Another Reason Why I Love Daycare
One of the hardest choices families make is childcare. For some lucky families, someone is able to stay home or work from home and keep the tyke there. But for a lot of families, it’s off to work they BOTH go, and so that leaves daycare or something similar as the only option. And I know how hard it is to make that decision. The first time I left Bean at a daycare center he was three months old and the tiniest little dude in the nursery. I cried out in the parking lot for half an hour. It was awful. But each day it got easier and easier, and by a few weeks into our new routine we were all adjusting nicely.
Truthfully, daycare works really nicely in our family. I like it because it gives Bean a place to interact with others on a daily basis. He learns things there that I wouldn’t be able to teach him at home, like how to sit in circle time and how to share his blocks. He likes it because he gets to do activities there that I wouldn’t have ever thought about being brave enough to do with him at home, like finger painting. And just last week a fire truck came up to his school and he got to climb up in the cab and sit with a real fireman! Now, he claps and squeals every time he hears a fire truck siren. I just love that he is getting those experiences and learning to be part of groups of people independent from me and Chris.
Sometimes we’ll be driving down the road and I’ll hear him point to something new and tell me what it’s called. Like, the other day he randomly pointed at the moon and said, “Moon.” Real simple. Like he’d been saying it for years. I didn’t teach him that, but he was learning about the sun, moon, and stars at daycare. He also started holding his hands up in the air and opening and closing his fingers as he sang, “Tink…tink…tink…” When I asked his teacher if she knew what he was doing, she said that was their hand motion for when they sang, “Twinkle, twinkle little star.” It made me smile to think that his little brain was growing even when I’m not there to teach him.

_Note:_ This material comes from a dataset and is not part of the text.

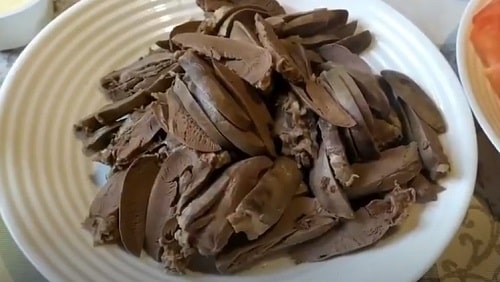 - Вымытые и разрезанные надвое индюшачьи сердечки очищают от сосудов, промывают ещё раз, сушат с помощью бумажного полотенца и нарезают мясо ломтиками около 3 мм толщиной.

Something else I love about daycare is that there are another set of eyes who watch him and know him so well. Of course, his teachers will never know him as well as I do, but they spend so much time with him that even they can tell when he’s not feeling well or having a bad day. And they also learn different techniques with dealing with his moods and little personality that I can learn from, too.
The other day I was talking to his teacher when I picked him up about this little stomach bug he had last week. I forget exactly what we were saying and why, but she mentioned to me that she had, “mushed all his food together into his mashed potatoes…you know, how he likes it to be?”
Uh…yeah…sure…
I had never mushed all his food together in my life. Isn’t that crazy? I’m sure they teach that in Parenting 101, but I must have been absent that day because Bean’s food is always compartmentalizing into his little sectioned off plates at home. Lately though, we’ve been having trouble getting him to eat a lot and so when I got home that night I thought I’d give the mushing it all together a try and see how it went.
It was awesome!
I mixed mashed potatoes, green peas, and chunked up chicken into one big mess, threw it in a bowl, and gave the kid a spoon. In about 10 minutes, it was gone and he was asking for more. WHO KNEW?!?!

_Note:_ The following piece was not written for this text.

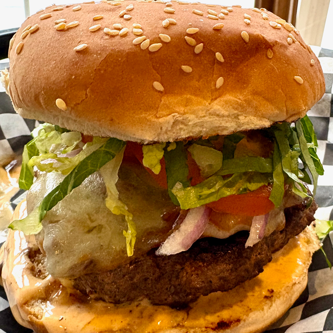Fresh All-Beef Canadian Patty topped with Canadian Balderson Smoked Cheddar Cheese, Canadian Smoked Strip Bacon and Canadian 1000 Islands Dressing, Lettuce, Pickle, Tomato, on a Toasted Dempsters (Canadian) Sesame Bun

So the night after that I tried again to see if maybe it was just a fluke. I mashed up sweet potatoes, broccoli, and the last of the chunked up chicken and he ate that in record time, too, and again asked for more!
Then last night, we were having vegetable soup, so I heated up the leftover mashed up sweet potatoes, threw in some turkey, and lots of the veggies straight from the soup pot, and Bean went to town AGAIN!
It’s not pretty and it’s so darn messy, but Bean is eating like he’s never eaten before. And it was all because of one little helpful tip I got from his teacher at daycare. Someone else who spends a lot of time with him and happened to find a trick that worked.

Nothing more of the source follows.